171 que la législation715 reconnaissaient ainsi la possibilité d’un contrat de travail entre conjoints. Le droit québécois, sur ce point, était donc avant-gardiste par rapport au droit français. Par contre en l’absence d’un réel contrat de travail, comme nous le verrons, la jurisprudence refusait toute compensation de l’épouse pour le travail fourni bénévolement à son conjoint.

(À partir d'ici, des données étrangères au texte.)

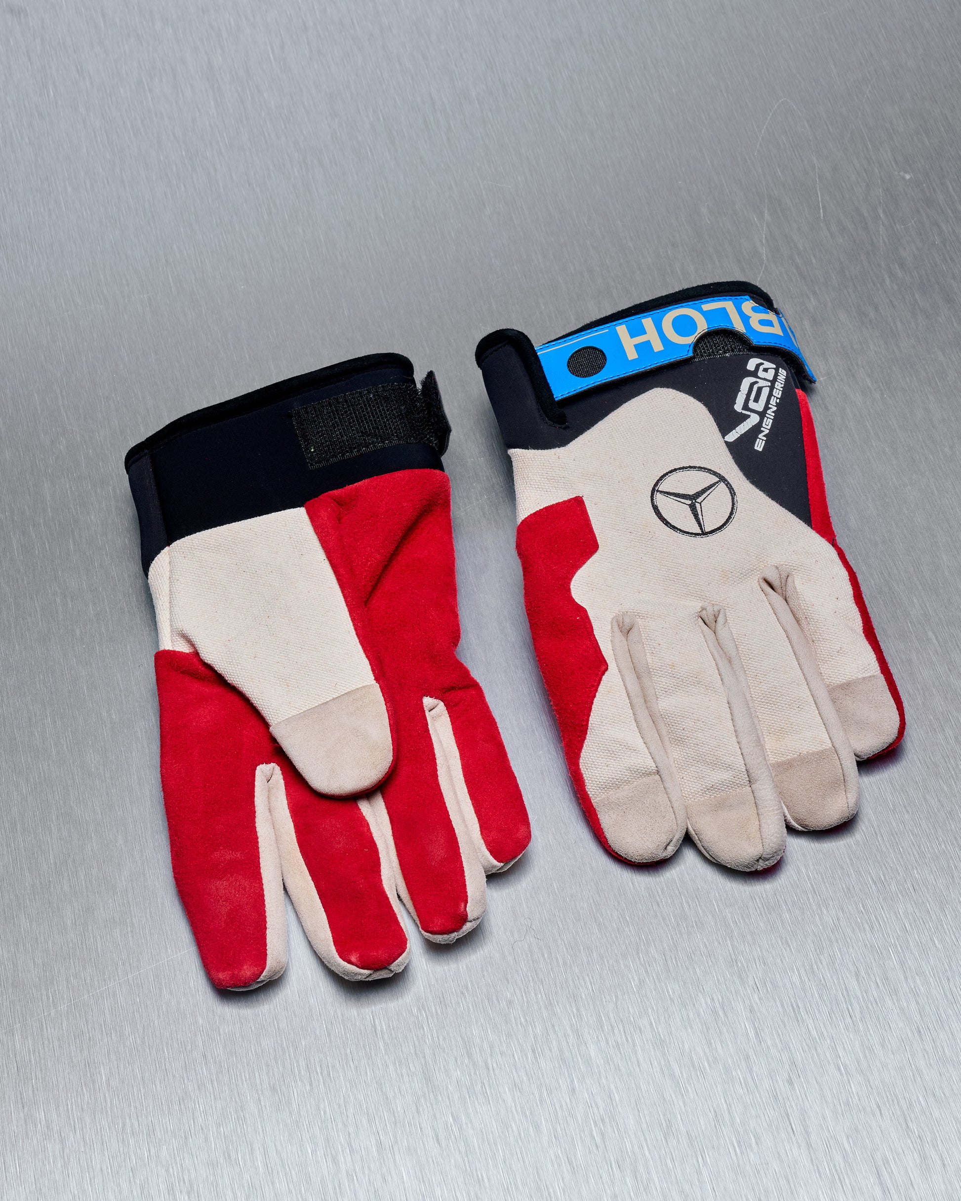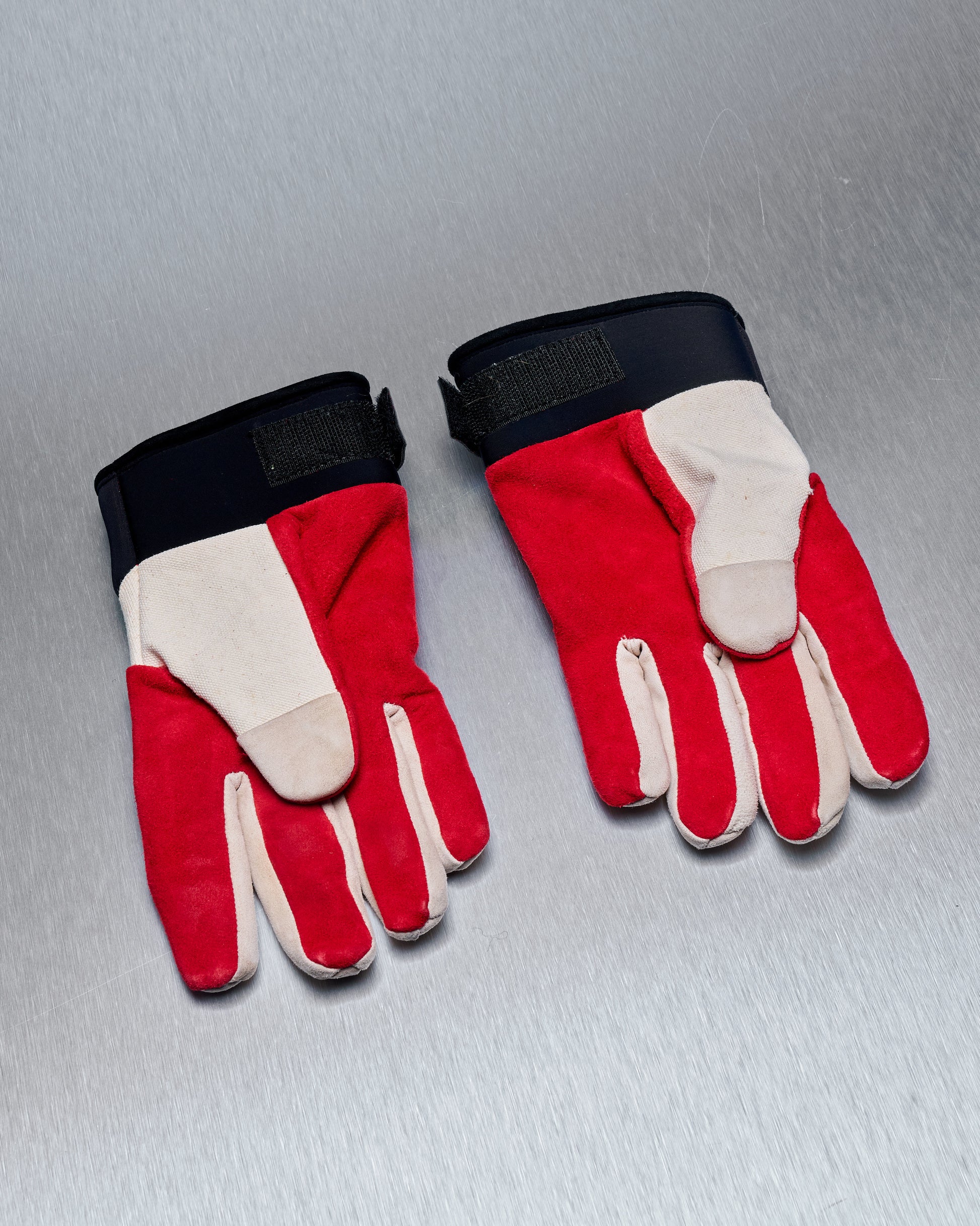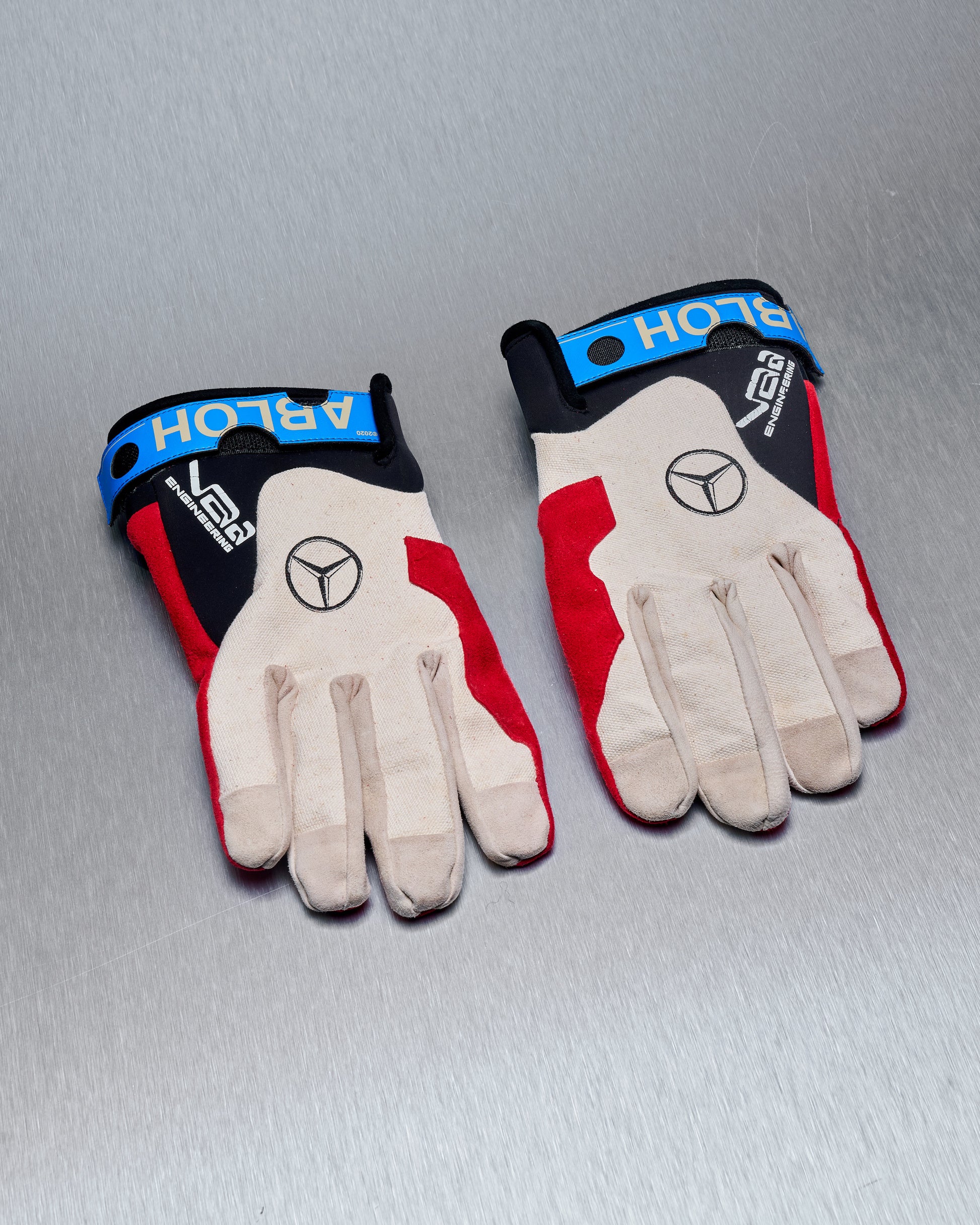 Driving gloves in canvas and leather. These gloves were never released to the general public: they were personal gifts from Virgil Abloh and Gorden Wagener to celebrate their 2020 collaboration for Mercedes Benz. Features soft suede leather palms, cotton canvas backs, neoprene wrists panels with artisanal branded velcro straps. One of twenty-two pairs that exist worldwide.

360.Le travail fourni peut aussi ne pas être professionnel et c’est ainsi qu’une épouse, par exemple, peut organiser de façon régulière les dîners d’affaire pour son conjoint et aller au- delà de la simple contribution aux charges du mariage tout en permettant à son conjoint de développer ses relations professionnelles et sa carrière. Dans ce dernier exemple, toute convention de travail est exclue mais ce n’est pas pour autant que cette participation ne mérite pas d’être compensée.
361.La jurisprudence se fondant sur l’équité peut alors permettre une telle compensation (I). Cette réponse apparaît d’ailleurs souvent comme la plus adaptée puisqu’il s’agit souvent de régler des cas particuliers que seuls les juges sont en mesure d’apprécier et de corriger. Mais devant l’inertie des juges dans ce domaine, il a paru nécessaire que le législateur intervienne et à ces réponses jurisprudentielles sont alors venues s’ajouter des réponses législatives adoptées en faisant référence expressément à l’équité (II).